盧溝橋にもいったが、川に水はなく、年月を経て橋の石は磨り減っていた。その後、北京の軍事博物館を見学した。
さてこの後、ハルビンにいく予定だったが、ツアーの手配ができていなくて、飛行機に乗れなかった。そのため、万里の長城や明の一三陵を見学したのち、天津・保定方面にいくこととなった。
● 天津 南開大学と抗日殉難烈士紀念館
天津では主に南開大学と抗日殉難烈士紀念館をみた。
南開大学の劉福友さんの案内で南開大学構内をまわった。南開大の建物には石のプレートがはめられ、その建物の由来が記されていた。たとえば、「校産管理為公室」のプレートには、「1937年該楼二居以上被日本侵略軍?毀、1954年修復、仍住宿舎」というように、日本軍による破壊が刻まれている。

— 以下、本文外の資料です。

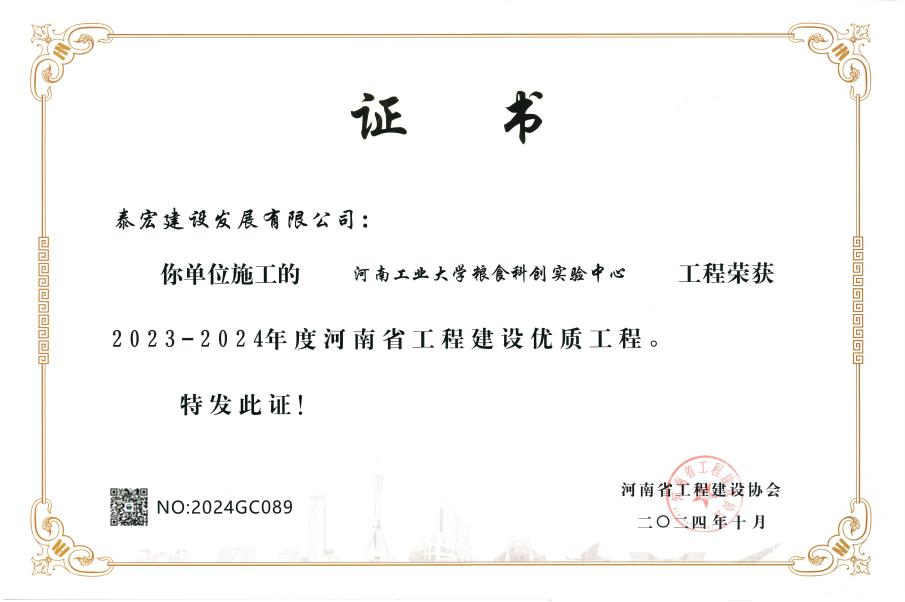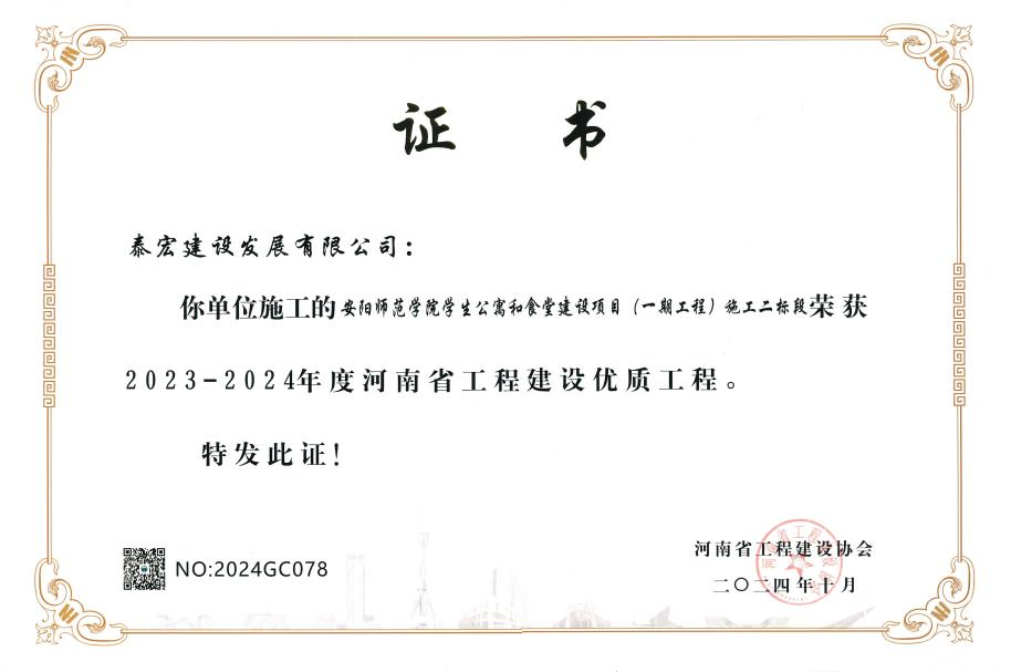 泰宏建设三项工程荣获河南省工程建设优质工程奖

「第二教学楼」は化学教室として使用されているが、かつては「思源堂」だった。この建物は1923年に建設された。プレートによれば、1937年7月、日本侵略軍は飛行機や大砲で南開大を攻撃した。この楼も弾をうけ火事となったが、抗日戦勝利後に修復したとある。
南開大構内には日本軍の建築物も残っている。日本軍の兵営となった建物は「机器智能研究所」として使われている。
南開大構内には周恩来の記念碑もある。碑には「我是愛南開的」と書かれている。また、1987年に建てられた西南連合大学建校50周年記念碑もある。南開大、北京大、精華大の3校は日本軍の侵略から逃れて重慶へ移転し、1947年に昆明から戻った。この碑は日本による中国での教育破壊を示すものである。
劉さんは案内しながら次のように話した。
日本軍は南開大学を破壊した。当時、図書館には20万冊におよぶ明清代の「善本」がたくさんあった。占拠される前にベトナムヘ輸送し昆明へ運ぶ計画をたてたが、日本軍がベトナムを占拠し、本は日本軍に略奪された。本は日本へと運ばれ、戦後になって一部分の451冊が返還されただけだ。南開大には1万8千斤(9千kg)の鐘があった。この鐘を卒業式のときに卒業生の数だけつくことが習慣になっていたが、日本軍はこの鐘を略奪した。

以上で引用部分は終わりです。